The massive maintenance backlogs and increased wear on airframes means that there is very little capacity to surge additional air forces for a new conflict, especially against a near-peer adversary with advanced air capabilities of their own, like China or Russia. A year ago Navy officials testified to Congress that it would take six to 12 months to get an additional fighter squadron ready to deploy with a carrier strike group above and beyond what was already scheduled to deploy. In the event of a major contingency requiring combat aircraft, one extra squadron in a year may be too little, too late.
While a major influx of maintenance funding would alleviate some of the immediate backlog, it does little to address a long-term capacity problem. The increased wear and deferred maintenance caused by high operational tempo means that airframes are reaching their design-limit of flight hours years earlier than expected. As a result, the Navy is considering extensive service-live extension modifications to help meet projected aircraft shortfalls in the 2020s and 2030s. But this represents an additional cost the Navy will have to absorb while still trying to keep the production of the F/A-18’s replacement, the F-35, on schedule.
As originally conceived, the F-35C, was supposed to achieve Initial Operational Capability (IOC) in 2015. Cost overruns and technical problems have delayed its expected IOC until 2018 or even 2019, meaning the F-35C will not actually be combat-deployable until 2021. Because of these delays, the existing F/A-18 squadrons have had to absorb additional missions and flying hours the Navy anticipated the F-35C would have begun to pick up by now. This only further exacerbates the F/A-18’s current readiness and long-term service life issues.
Underscoring the scope of the problem the U.S. Navy faces, even the larger defense budget supplement proposed by Trump, which itself remains in doubt, may be inadequate. Richardson told the House that the Navy needed an additional $2.1 billion dollars this year just to address immediate readiness shortfalls that will leave more planes unable to fly and ships tied to the pier. The effect, he said, is that “our ability to deter potential adversaries will be undercut, and our allies and partners will become less certain of our capabilities, which will further intensify the competition [with countries like China and Russia].”
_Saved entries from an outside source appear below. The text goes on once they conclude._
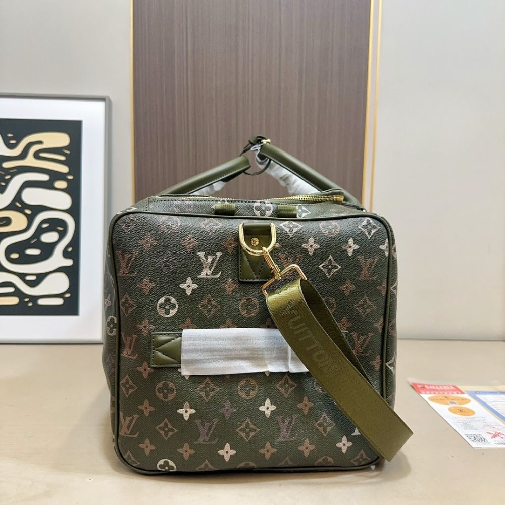Pharrell Williams brings a trekking vibe to a timeless shape. The Keepall 50 Backpack is reimagined for modern travel in Monogram Surplus coated canvas, with its camouflage feel. The square shape and multiple carrying options make it adaptable. A zipped front pocket offers quick access to essentials and stores the detachable straps.
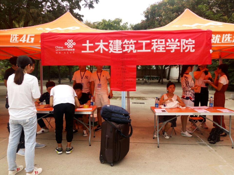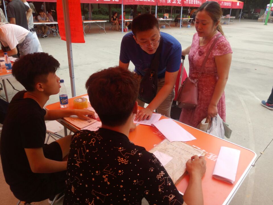 为迎接新生的到来,学校在火车站设有新生接站点,安排志愿者为新生提供服务,并就新生报到流程进行详细介绍;学院教职员工帮助新生办理入学手续,解答学生和家长提出的各种问题,尽管报道期间一直在下雨,报到现场秩序井然;志愿者们也为新生搬运行李、指引道路,帮助新生熟悉校内环境。另外,学院为新生开辟了“绿色通道”,确保经济困难的学生能够顺利入学。
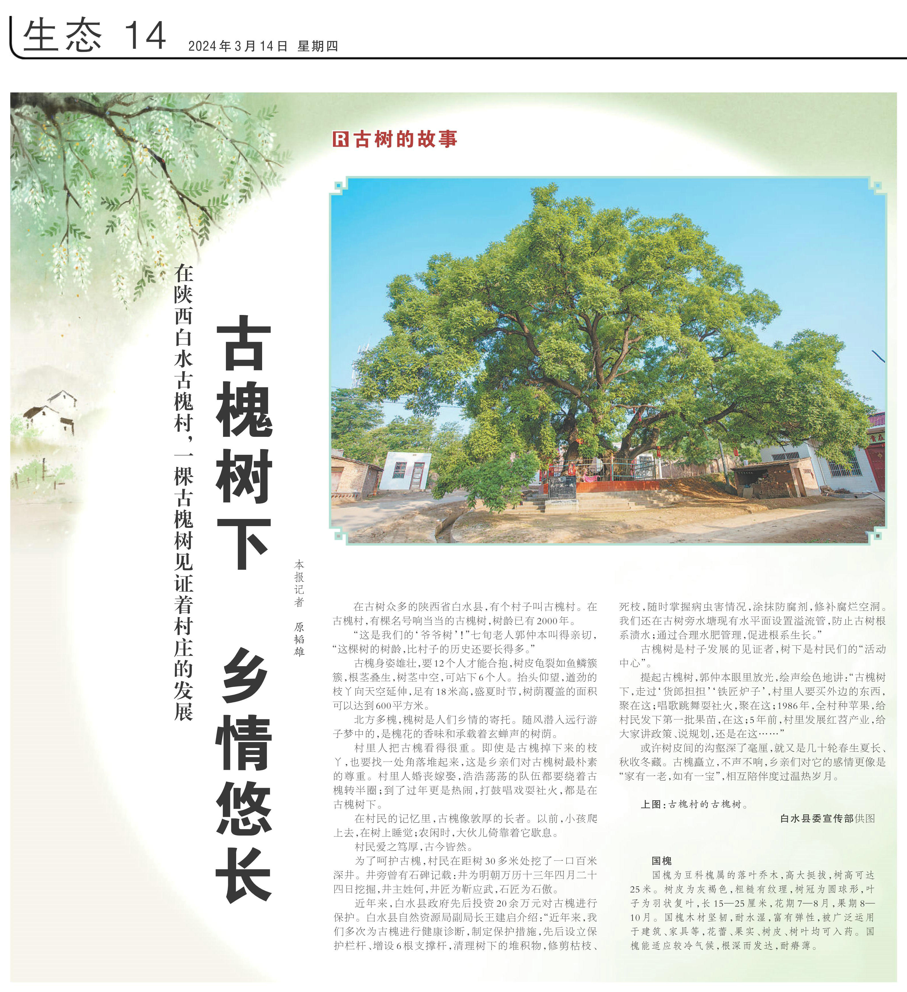 在古樹眾多的陜西省白水縣,有個(gè)村子叫古槐村。在古槐村,有棵名號(hào)響當(dāng)當(dāng)?shù)墓呕睒洌瑯潺g已有2000年。
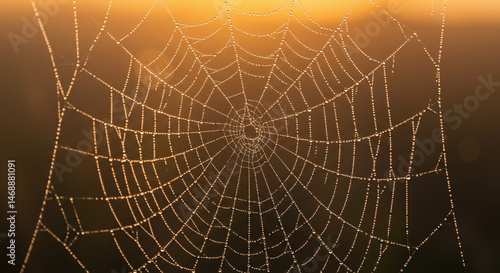 Obraz premium Delicate Orb Web Enshrouded in Dewdrops, Bathed in Gentle Golden Light
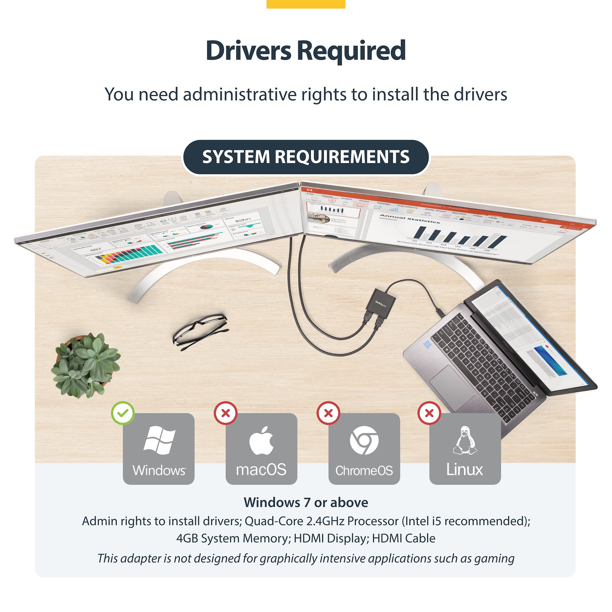 USB 3.0 to Dual HDMI Adapter, USB to 2x HDMI Monitor Converter for Windows (no support for macOS/ChromeOS/Linux) – TAA
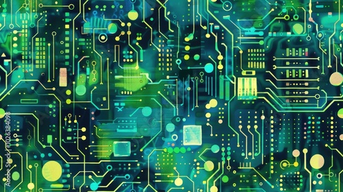 Abstract circuit board design in blue and green tones

But the Navy’s deterrent effect is already undercut. While Navy and Marine aircraft are engaged in combat missions against Islamic State, the fleet is still more-or-less deploying at peacetime levels, and that poses a major problem in the event of a major wartime demand. If the striking arm of the Navy’s most potent force-projection asset, its aircraft carriers, is already stretched to the point that readying additional reserve squadrons for war could take upwards of a year, then a major power has to be deterred from attempting a fait accompli – say a Chinese action in the South or East China Seas – by forces already deployed. If it isn’t, its leaders know they have months to consolidate their gains before the United States could bring more naval air forces to the fight.